Разделитель для чтения книг в онлайн библиотеке

Онлайн книга «Тридцать третье марта, или Провинциальные записки»

Cтраница 18

Но вернемся к Кимрам. Граф Воронцов в бытность его владельцем села построил внушительные каменные торговые ряды, в которых было тридцать каменных лавок. А внушить, что ряды эти приводить в запустение не следует — забыл. Так они и стоят — полуразрушенные, забросанные мусором, заросшие кустами и деревьями. Точно великаны ушли и оставили лилипутам свои дома. Никто теперь там не торгует. Только висит над одним из входов проржавевшая вывеска советских времен «Приемный пункт стеклотары Бутылочка». Уж давно и советские времена прошли, приемный пункт закрылся, и бутылки пустые нет никакого смысла сдавать, а все их бросают и бросают под вывеску… Ну, да что я пристал к этим торговым рядам — можно подумать, что только они в запустении. И только ли в Кимрах…

Торгуют кимряки теперь с лотков, расставленных на улице. Тут тебе и джинсы, и обувь из настоящей турецкой кожи, и даже местный бородатый бард, поющий и играющий на гитаре, сплошь обклеенной маленькими бумажными иконами.

Кимры расположены аккурат у того места, где речка Кимрка впадает в Волгу.
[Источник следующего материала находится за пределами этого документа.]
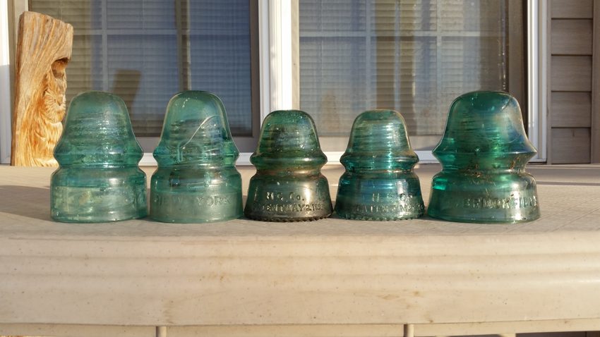 2 W, Brookfield signals, not sure if these are CD 133 or CD 134, one CREB. The skirt embossed one has a big milk stringer running from one side up an over the dome to the other side. 2 HG Co. 160s [050], one of which is very fizzy but has a 1 inch chip off the back skirt. Finally a Brookfield CD 162 [030]. |

Кстати, местного жителя, даже и ребенка, легко отличить от приезжего уже потому, что он произносит слово Кимрка без всякой запинки. Так вот, ежели перейти по мосту через эту речку, то попадаешь на улицу имени Орджоникидзе. И вот на этой улице и понимаешь, почему Кимры — дважды столица. Да потому, что такой красоты деревянных домов, построенных в стиле модерн во втором десятилетии прошлого века, нигде больше не найдешь. Не было удержу фантазии кимрских купцов. Все эти полуциркульные и круглые окна, причудливые башенки, деревянное кружево отделки, миниатюрные резные балкончики бельэтажей, на которые дородные купчихи выкладывали свои необъятные бюсты… А внутри, за вышитыми занавесками, за расписными горшками с геранью на подоконниках — самовары, начищенные до нестерпимого блеска, сдобные калачи и баранки, монументальные кулебяки и расстегаи с налимьей печенкой, яблочные, грушевые, вишневые, сливовые и иные варенья в тонких фарфоровых блюдечках и неторопливые разговоры о видах на урожай сапог или дамских туфель, о том, что Иван-то Спиридоныч, хоть и разменял шестой десяток, а всё… обветшало, покосилось и подслеповатые окна, кое-где забитые фанерой, смотрят нынче внутрь. Только выйдет иногда какая-нибудь древняя старушка в простеньком ситцевом платье на крыльцо, пожует губами, вздохнет и в дом воротится.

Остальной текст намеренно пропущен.